Un medico di famiglia è stato arrestato nei giorni scorsi a Piacenza con le accuse di corruzione, spaccio di sostanze stupefacenti, falso in atto pubblico e truffa ai danni dello Stato. Stando a quanto sta emergendo dalle indagini, avrebbe accettato prestazioni sessuali in cambio di ricette mediche per farmaci vari, tra cui oppiacei, visite e falsi certificati di malattia.
E ci sono altri quattro indagati: un collega del medico, due persone di origine nordafricana, di cui uno arrestato e accusati entrambi di detenzione di stupefacenti ai fini di spaccio, e una brasiliana indagata per corruzione.
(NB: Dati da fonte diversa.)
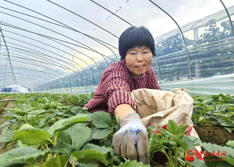 金秋時(shí)節(jié),隴南市成縣店村鎮(zhèn)新村的草莓種植基地里,工人俯身田間,正忙著為草莓苗除草、疏葉,一株株翠綠的草莓苗在溫暖的塑料大棚里茁壯成長,預(yù)示著來年又將是一個(gè)豐收季。這背后是店村鎮(zhèn)以“黨支部+合作社+農(nóng)戶”模式發(fā)展特色產(chǎn)業(yè),將“小草莓”打造成富民興村“大產(chǎn)業(yè)”的生動(dòng)實(shí)踐。
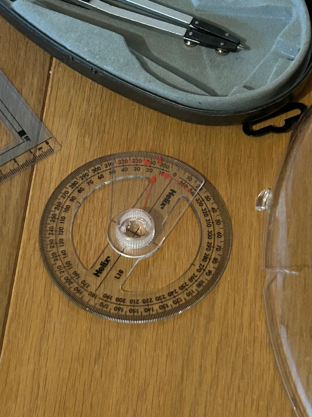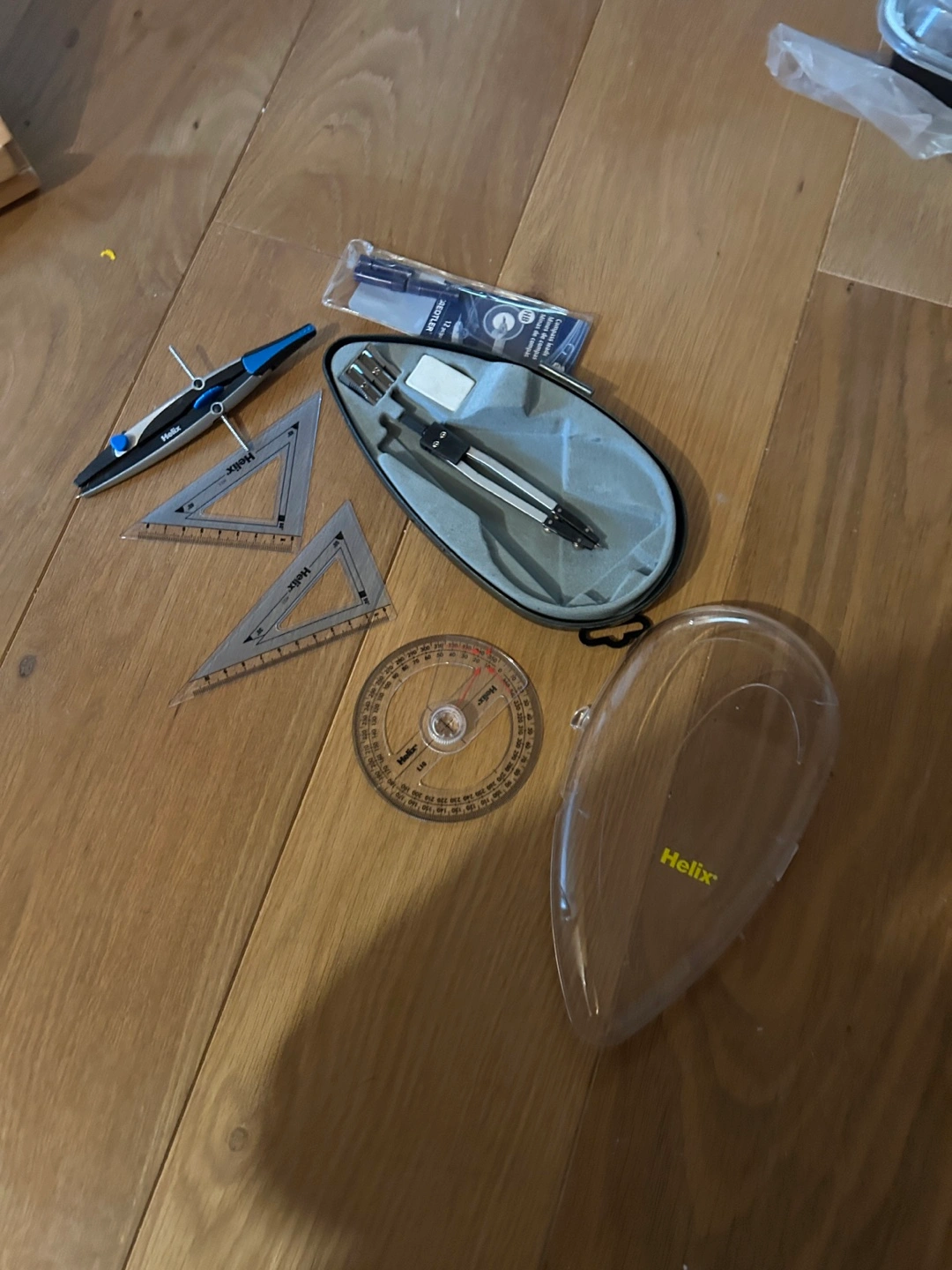 Complete geometry set. Includes compass, protractor, two set squares, and pencil. All in a protective case.
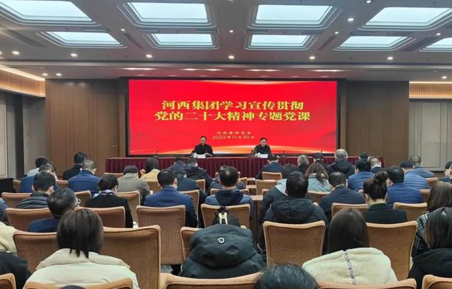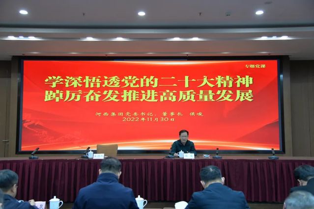 11月30日下午,河西集團(tuán)黨委書記、董事長(zhǎng)侯峻圍繞深入學(xué)習(xí)宣傳貫徹黨的二十大精神,以“學(xué)深悟透黨的二十大精神 踔厲奮發(fā)推進(jìn)高質(zhì)量發(fā)展”為題講授專題黨課?;顒?dòng)由集團(tuán)黨委副書記、董事繆昌根主持。集團(tuán)黨委委員、全體中層以上干部、集團(tuán)下屬各公司黨務(wù)工作者及黨員發(fā)展對(duì)象現(xiàn)場(chǎng)聆聽(tīng)黨課。
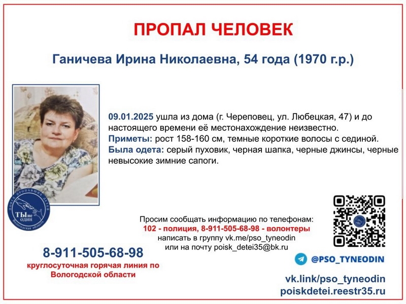 Она череповчанка, жила на Любецкой, 49. Вечером вышла из дома и пропала. О ней известно, что была одета в пуховик, на ней были джинсы, шапка и зимние сапоги. Сама Ирина невысокая, волосы с сединой.
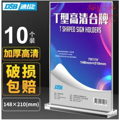 DSB(迪士比)桌牌席卡亚克力T型台卡台签 148mm*210mm 竖款 高清桌签广告会议展示牌酒水餐桌牌 10个装 7011V (SKU:yzwhyp939598
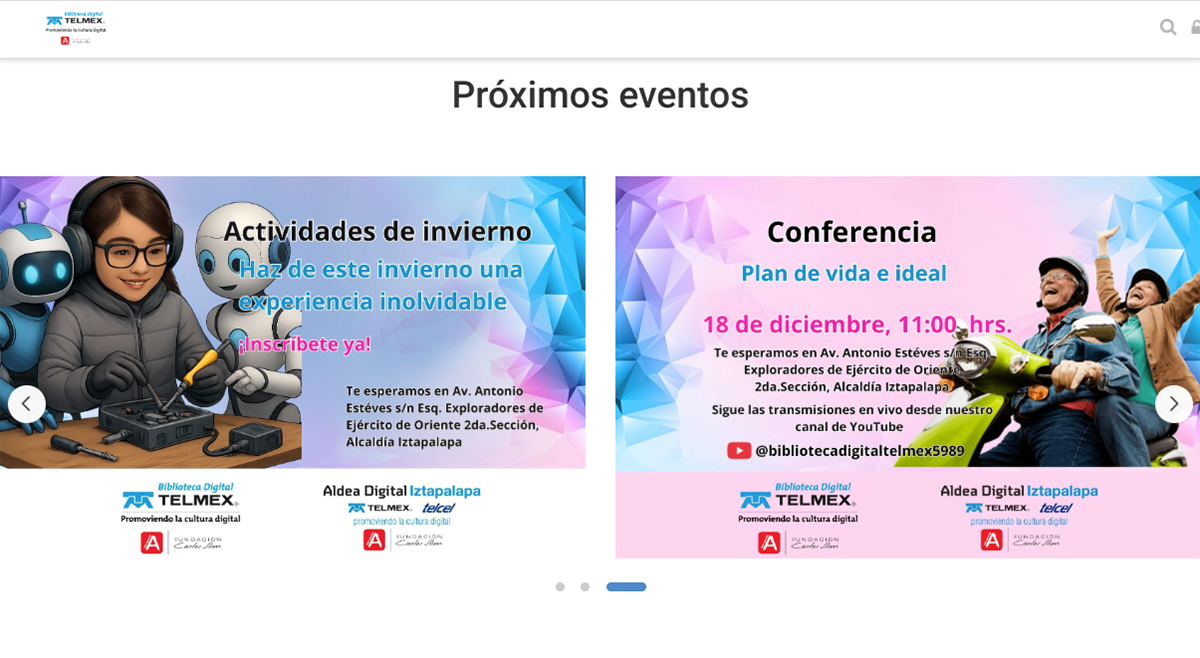 Asimismo, puedes consultar la oferta presencial disponible en Aldea Digital Iztapalapa y Casa TELMEX SEMAR.

Quest’ultima era stata trovata il 1° agosto dalla polizia nello studio del medico. Si sarebbe rivolta a lui per ottenere un farmaco tabellato come benzodiazepine e una prescrizione per una visita urgente, offrendo in cambio prestazioni sessuali consumate all’interno dello studio medico.
L’attività d’indagine svolta dalla polizia riguarda una rete cittadina di distribuzione di farmaci oppiacei a base di tramadolo (la cosiddetta droga del combattente) e ossicodone ( chiamata anche eroina dei poveri), ma anche, appunto, di benzodiazepine.